Я, стесняясь, сняла трусики, и осталась обнаженной в коридоре чужой квартиры. С человеком, для которого сейчас я – вещь. Он любит меня, но не так, как любят влюбленные, он любит меня, как любимую игрушку, как любимую вещь. Рубашку, например.
– Сегодня целый день передвигаешься только на коленях.
– Да, Хозяин.
При этих словах он взял меня за волосы и повел в комнату, как собачку – на поводке. Я ползла по жесткому холодному паркету, колени уставали, но я шла и молчала. Мы оказались в небольшой комнатке, я почувствовала мягкость ковра.
– Сядь на коленях, выпрями спину и вытяни руки вперед.
– Да, Хозяин.
Он связал меня, связал мои запястья и снова повел меня в коридор. В коридоре напротив зеркала во весь рост была перекладина, в обычных квартирах такие используют для подтягиваний. Я висела обнаженная, привязанная запястьями к перекладине. Если повернуть голову немного в сторону, я могла еще различать свое отражение в зеркале, мне было стыдно, я не могла прикрыть наготу. Антон подошел сзади, провел рукой по голой попке, нежно погладил грудь. Потом он завязал глаза платком – я не могла ничего видеть. Антон вышел и вернулся с плеткой.
– Только что купил в интиме, нравится? – приоткрыв мне глаза, спросил меня он.
– Да, Хозяин. Только не делайте мне очень больно, пожалуйста.

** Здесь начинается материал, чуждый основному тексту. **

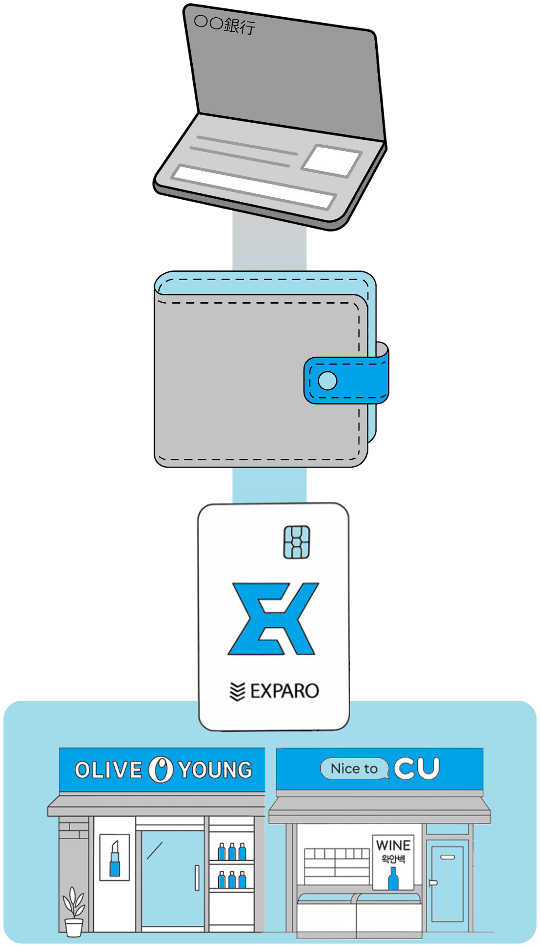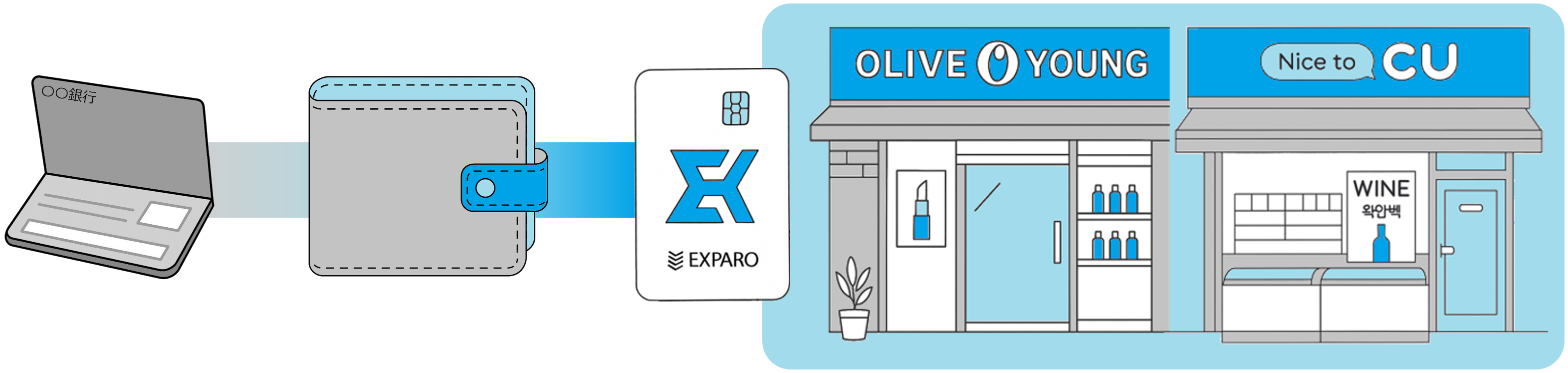 韓国へ出発する前に、EXPAROカードで買い物や食事、交通機関の利用ができるよう準備しましょう。

Первый удар я почти не почувствовала – он был нежен, так, словно он погладил меня.
– Сколько раз ты написала мне сегодня, когда я приказал не писать?
– Не помню.
– Примерно 20 раз, знаешь, к чему я клоню?
– Нет, Хозяин.
– Сейчас я буду наказывать тебя двадцатью ударами плетью, будешь считать!
– Да, Хозяин.
– Раз, два. Три…
Очень стыдно, но пока не больно, он наносит щадящие удары, которые пока мне нравятся. Порка – это любимое занятие садистов, при том, что мазохистам далеко не всегда оно доставляет удовольствие.
– Четыре, пять, шесть. – Я чувствую, что мне уже сложно терпеть, руки затекают, в голове только одна мысль, чтобы скорей это все закончилось.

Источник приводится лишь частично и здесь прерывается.